Но из-за этого не будем несправедливы к миру! Чем больше дух получил бы простора для развития и проявления своих чудесных сил, тем больше твердой земли он смыл бы своим могучим потоком и таким образом значительно уменьшил бы земельное пространство, где толпа получает средства для своего существования, а мир должен обеспечить именно толпу. Поэтому так редко появляются великие умы. Если бы они появлялись чаще, то бесчисленное количество лиц лишилось бы единственной опоры жизни, полезности и необходимости своего существования, ибо масса людей с женами и детьми может в течение многих лет прилично прожить тем, что великий ум растратит в один вечер. Признаем как раз в этом великую мудрость, которая управляет миром и которой, хочешь или не хочешь, а нужно повиноваться. Эта мудрость намерена, очевидно, допустить как можно больше существ не только к бытию, но, что, собственно говоря, то же самое, к наслаждению и радостям бытия. Но радость бытия заключается единственно в сознании его ценности. Силы, а следовательно, и деяния так распределены и рассыпаны по миру, чтобы возможно большее число людей обладало сознанием своей ценности, своей важности и полезности: чем меньше порции, тем больше наслаждающихся. Совершенно справедливо поэтому толпа издавна завидовала великим умам, хулила их, клеветала на них, преследовала их, ибо она знала слишком хорошо, что они отнимают у нее покой и радости, наносят ущерб ее бытию и даже угрожают ему. Несчастье было поэтому уделом почти всех великих мужей. Только сознанием собственного величия вознаградила их божественная премудрость за переносимый ими позор и потерю земных благ, ибо, собственно говоря, это она предопределила их к тому, чтобы дать стимул толпе собрать воедино все свои силы с целью воспрепятствовать тягостному и дорогостоящему явлению нового великого духа. Генітальная сущность духа совершенно не подходит миру.

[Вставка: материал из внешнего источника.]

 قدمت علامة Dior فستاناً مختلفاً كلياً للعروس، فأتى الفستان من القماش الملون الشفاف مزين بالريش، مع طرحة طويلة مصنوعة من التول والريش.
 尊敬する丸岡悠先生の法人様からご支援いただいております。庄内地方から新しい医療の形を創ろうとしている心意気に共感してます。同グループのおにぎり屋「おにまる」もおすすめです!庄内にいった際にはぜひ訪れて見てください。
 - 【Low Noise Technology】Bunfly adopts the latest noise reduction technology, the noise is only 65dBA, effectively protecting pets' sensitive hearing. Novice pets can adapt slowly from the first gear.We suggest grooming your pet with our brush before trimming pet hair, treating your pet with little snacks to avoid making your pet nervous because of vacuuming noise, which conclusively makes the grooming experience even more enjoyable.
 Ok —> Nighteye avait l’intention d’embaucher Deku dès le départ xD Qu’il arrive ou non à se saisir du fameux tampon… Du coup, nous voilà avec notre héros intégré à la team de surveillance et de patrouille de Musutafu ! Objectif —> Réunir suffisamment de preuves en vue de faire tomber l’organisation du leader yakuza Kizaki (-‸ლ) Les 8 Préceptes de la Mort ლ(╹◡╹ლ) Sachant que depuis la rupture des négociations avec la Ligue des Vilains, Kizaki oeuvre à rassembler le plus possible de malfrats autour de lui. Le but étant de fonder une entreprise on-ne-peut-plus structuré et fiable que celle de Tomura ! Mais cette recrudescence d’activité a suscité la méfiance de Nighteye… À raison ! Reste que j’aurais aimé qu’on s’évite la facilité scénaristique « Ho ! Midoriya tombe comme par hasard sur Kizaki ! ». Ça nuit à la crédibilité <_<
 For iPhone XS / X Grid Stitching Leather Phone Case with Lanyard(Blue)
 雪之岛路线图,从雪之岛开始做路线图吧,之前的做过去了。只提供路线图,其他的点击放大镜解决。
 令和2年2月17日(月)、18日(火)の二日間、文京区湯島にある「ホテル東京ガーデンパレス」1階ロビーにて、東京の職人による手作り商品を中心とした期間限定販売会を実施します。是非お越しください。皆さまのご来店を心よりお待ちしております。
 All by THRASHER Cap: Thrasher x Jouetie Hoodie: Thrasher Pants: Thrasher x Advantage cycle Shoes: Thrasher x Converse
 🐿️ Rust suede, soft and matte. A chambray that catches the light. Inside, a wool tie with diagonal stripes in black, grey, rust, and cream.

Человек чувствует свое собственное достоинство, счастлив и доволен лишь до тех пор, пока ему не напоминают о его границах, а то, что они существуют, он, к величайшему сожалению, наглядно убеждается на своей противоположности, на гениальности духа.

Ах, если бы дух был только гениальной головой! Это еще куда пи шло. Но к сожалению, он еще настоящий чудак, полный своеобразия и капризов.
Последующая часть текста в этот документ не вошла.